Instantly, as these words escaped your mouth, he regretted every single thing he just said, praying that he could somehow turn back time. But there was nothing he could do now, the damage was done, and he simply watched you leave with a heartbroken expression.
He wanted nothing more than to crumble into a small ball and hide somewhere far from here. 
Despite the music still playing from the speakers, the silence in the room was almost deafening. Seungcheol could feel the hard stares from the boys, as they tried to wrap their heads around what just happened. 
“Did you actually lose your mind?” Jeonghan was the first to speak up. Seungcheol didn’t dare to look up and face the disappointed expressions of his friends. 
“Never in all those years we have been together have you ever said anything so cruel, no matter how fuck up things were. And now you lash out at your, mind you, partner for being worried about you?” Jeonghan scoffed, clearly angry at his bandmate. 
Seungcheol knew that there was nothing he could say or do to make this situation better, he only stood there with hunched shoulders and a tight throat. 
“What has gotten into me,” he thought.
Yes, he was stressed as hell, and everything irritated him lately, but he swore he would never take his anxiety out on you. Well, until now. 
The jacket you threw at him caught his attention, laying abandoned on the floor. Is this how you feel right now - left behind and neglected, by the person who was supposed to love you no matter what? He took a step to pick it up, still feeling the warmth of your body coming from it. 
“I’m going to fix this,” Seungcheol said quietly, putting the fabric to his chest. 
“Did I hear you right, hyung? You’re going to make it right?” laughed Mingyu, approaching the older one. “You just yelled at your partner and told them the worst things you could have ever possibly said. We can put up with your bitchy behavior, but that’s not an excuse to treat them like shit,” he said, clearly very agitated by the whole affair. 

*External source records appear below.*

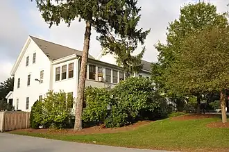 The former Stoneham Almshouse is located in eastern Stoneham, near the town line with Wakefield on the north side of Elm Street. It is a 2+1⁄2-story wood-frame structure, with a gabled roof, clapboarded exterior, and granite foundation. It basically a functional vernacular structure, with minimal Greek Revival styling found in the main entrance surround. The interior follows a relatively retardaire (out-of-date for the period) central hall plan. The original building has been encrusted with additions to the sides and rear.[2]
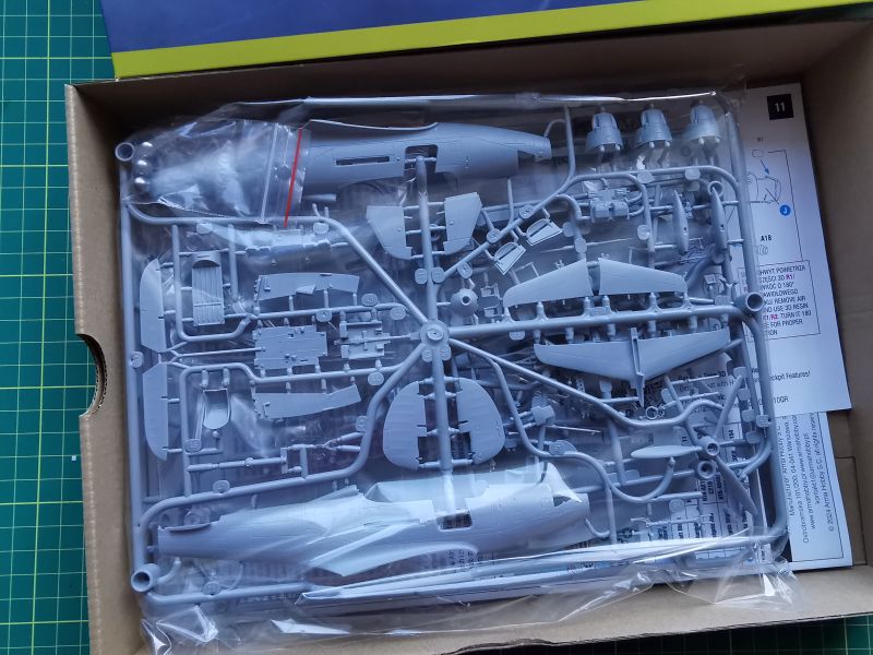 Zawartość pudełka niemal identyczna jak w przypadku poprzedniego zestawu – trzy ramki z jasnoszarego tworzywa, jedna przezroczysta, kulki balastu, drukowana errata, kalkomanie, maski i instrukcja montażu i malowania. Warto zwrócić także uwagę, że na krótko przed pojawieniem się modelu w sprzedaży na stronie producenta pojawił się obszerny artykuł Grzegorza Mazurowskiego opisujący przygotowania do produkcji i oczywiście modyfikacje form mające na celu wyeliminowanie zasadniczych niedoskonałości zestawu, ujawnionych już w toku produkcji. Warto się z nim zapoznać:
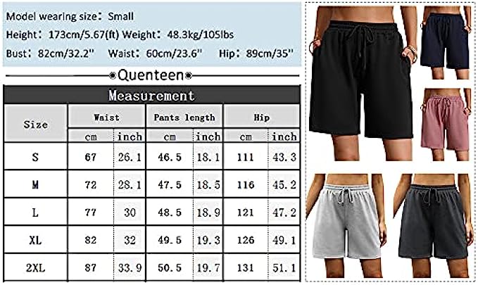 Quenteen Womens Lounge Bermuda Shorts Casual Summer Cotton Knee Length Shorts with Pockets
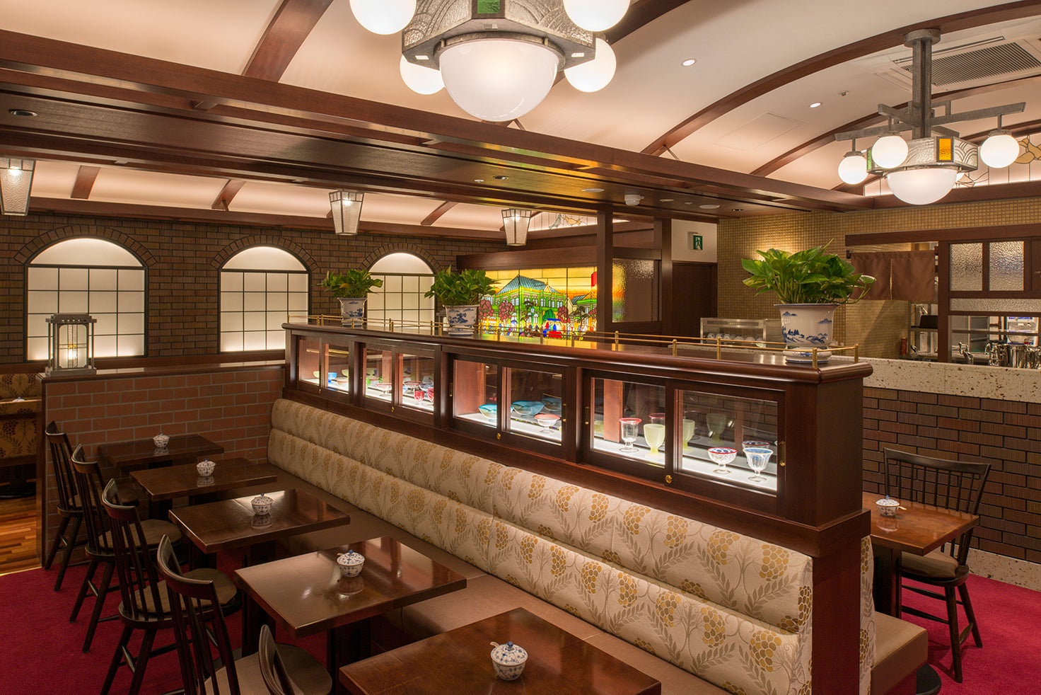 繊細なステンドグラス、アンティークな絵画や調度品など、大正時代をモチーフにしたシックなインテリアと、静かに流れるクラシック音楽が落ち着いた大人の雰囲気を演出します。
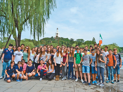 罗马国立住读学校学生来华参加夏令营活动,在北海公园合影留念。
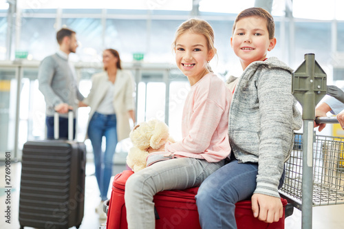 Kinder freuen sich auf den Flug in die Ferien
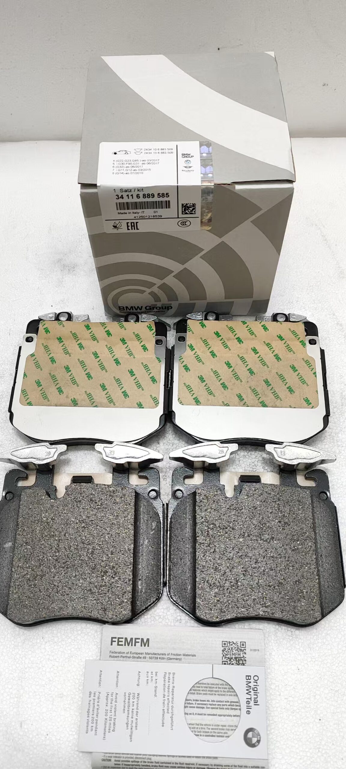 34116889585 BMW G30 G31 G11 Front Brake Pad Set 34116874432 34108064560 34108064561 34116874431 34106883510

“Let it go Mingyu, he knows what he has done. It’s his problem now how he’s going to get out of this shit,” said Jihoon, putting an arm on the taller’s shoulder to calm him down. 
“Yeah, but it doesn’t change the fact that he just basically emotionally abused one of my best friends.” 
“Hey, don’t you fucking dare saying I abused them in any way,” Seungcheol raised his voice at at younger boy, his emotions getting out of hand. “I know what I have done, and I’m going to make it right again,” he said, not exactly convinced himself. 
“So what, you think you'll buy them flowers, pout and make puppy eyes, and they'll forgive you?” he scoffed and crossed his arms, making him look bigger than he already was. 
“No, making puppy eyes is your thing, I’m not that cheap,” Seungcheol fired right back at him. 
With each exchange between Seungcheol and Mingyu the tension only escalated, the atmosphere becoming charged with a mix of anger, frustration, and hurt. Their tones harsh and cutting, both of them tried to defend their position. Sadness, and disappointment were evident on their faces, further fueling the intensity of the situation. 
“I messed up, alright? But you're acting like I hurt them on purpose-.” 
“Well, to us it looked like you wanted to-.” 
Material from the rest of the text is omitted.